CEO of image library speaks out amidst outrage over the gathering of material for AI companies’ ‘training data.
Rishi Sunak must decide between supporting the UK’s creative sectors or risking everything on an artificial intelligence boom, according to Getty Images CEO Craig Peters. This comes as the creative and media industries express frustration over the use of their content for AI companies’ “training data.” Getty Images is currently suing an AI image generator for copyright infringement in the UK and US. Peters highlights the importance of the creative industries, constituting around 10% of the UK’s GDP, compared to the smaller contribution from AI, making the decision a perplexing trade-off.
In 2023, the government outlined its objective to address obstacles faced by AI firms in using copyrighted material, aiming to support AI companies in accessing copyrighted work for their models. This commitment followed a consultation from the intellectual property office. The government’s stance represented a modification from an earlier proposal advocating a broad copyright exception for text and data mining. Viscount Camrose, the parliamentary under-secretary of state for artificial intelligence and intellectual property, affirmed a balanced and pragmatic approach to maintain the UK’s leadership in AI while supporting the creative sectors.

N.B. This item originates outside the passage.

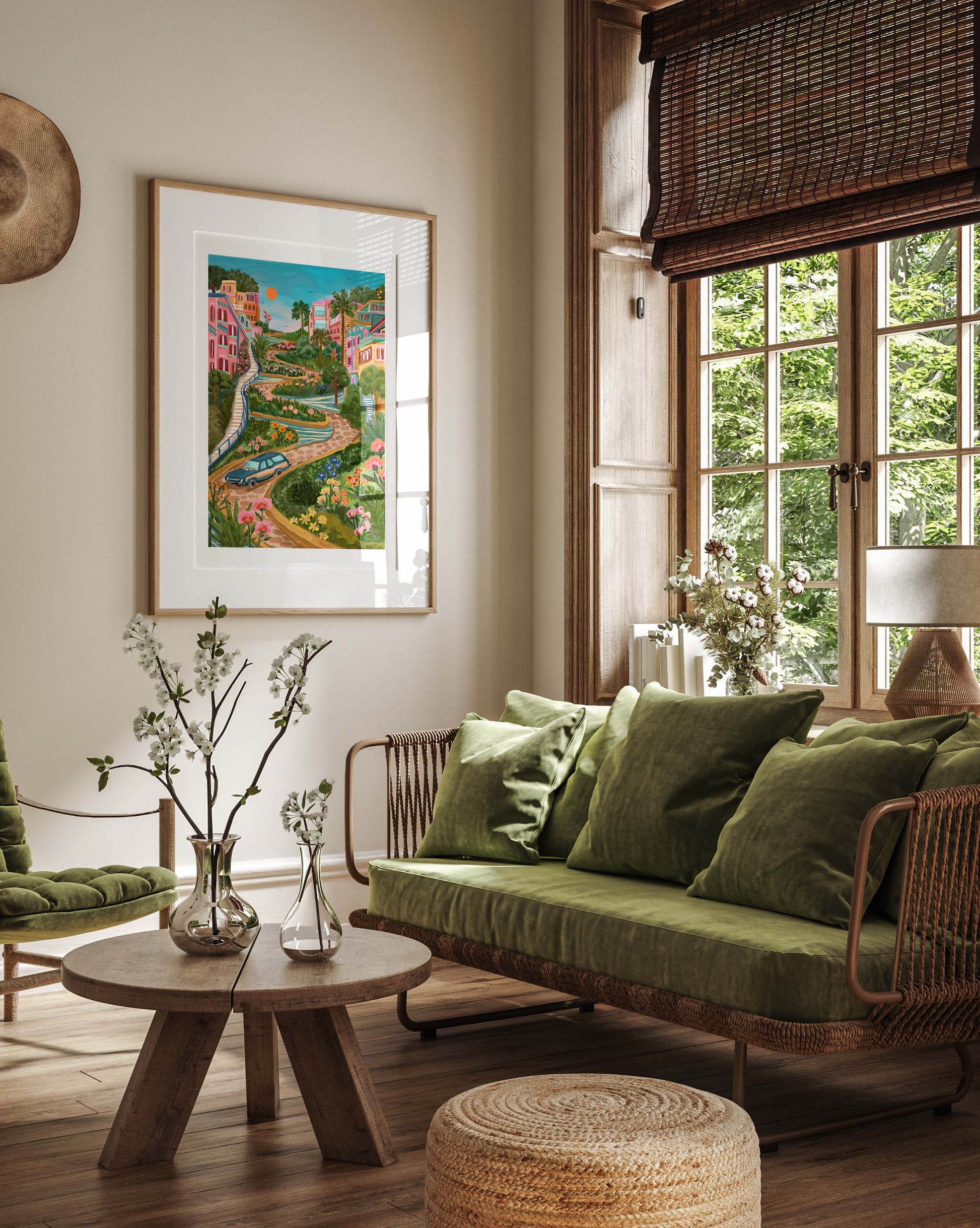 If you order an A2 size, this will be sent carefully rolled in a tube with a protective glassine sheet. Therefore, if you have made an order with multiple print sizes - it may arrive in separate packages. Any prints rolled in a tube will just need to be flattened.

The utilization of copyrighted material in AI training has faced growing scrutiny. In the US, the New York Times is taking legal action against OpenAI, the creator of ChatGPT, and Microsoft for incorporating its news stories in the training data for their AI systems. While OpenAI hasn’t disclosed the data used for training GPT-4, the newspaper managed to extract exact quotes from NYT articles using the AI system.
OpenAI, in a court filing, argued that constructing AI systems without employing copyrighted materials is impossible. The organization emphasized that restricting training data to public domain content from over a century ago might be an interesting experiment but would not meet the contemporary needs of citizens.
Peters holds a contrary viewpoint. Getty Images, in conjunction with Nvidia, has developed its image generation AI, exclusively trained on licensed imagery. Peters asserts that their collaboration refutes arguments suggesting that such technologies are incompatible with licensing requirements. He believes in exploring different strategies, dismissing the notion that incorporating a license is unfeasible, dismissing it as mere speculation.
Even within the industry, perspectives are shifting. A dataset named Books3, housing pirated ebooks, was hosted by an AI group with a controversial copyright takedown policy. This policy involved a video featuring clothed women simulating explicit actions while singing. Following objections from the affected authors, the dataset was quietly taken down, but not before being utilized to train various AIs, including Meta’s LLaMa AI.
In addition to legal actions initiated by Getty Images and the New York Times, several other lawsuits are underway against AI companies, focusing on potential infringements related to their training data.
In September, OpenAI faced a lawsuit from 17 authors, including John Grisham, Jodi Picoult, and George RR Martin, accusing the organization of “systematic theft on a mass scale.” Concurrently, in January of the previous year, a group of artists filed a lawsuit against two image generators, marking one of the initial instances of such cases entering the US legal system.
However, the ultimate determination of how courts or governments choose to regulate the use of copyrighted material for training AI systems may not conclusively settle the issue. Numerous AI models, including both text-generating LLMs and image generators, have been released as “open source,” allowing free download, sharing, and reuse without oversight. Even if there were restrictions on using copyrighted material for training new systems, this wouldn’t erase existing models from the internet, and it would have limited impact on individuals retraining, improving, and re-releasing them in the future.
Peters expresses optimism that the outcome is not predetermined. He stated, “Those responsible for creating and disseminating the code are ultimately bound by legal entities and are subject to them. The issue of what runs on your laptop or phone may pose more uncertainty, but individual responsibility comes into play there.”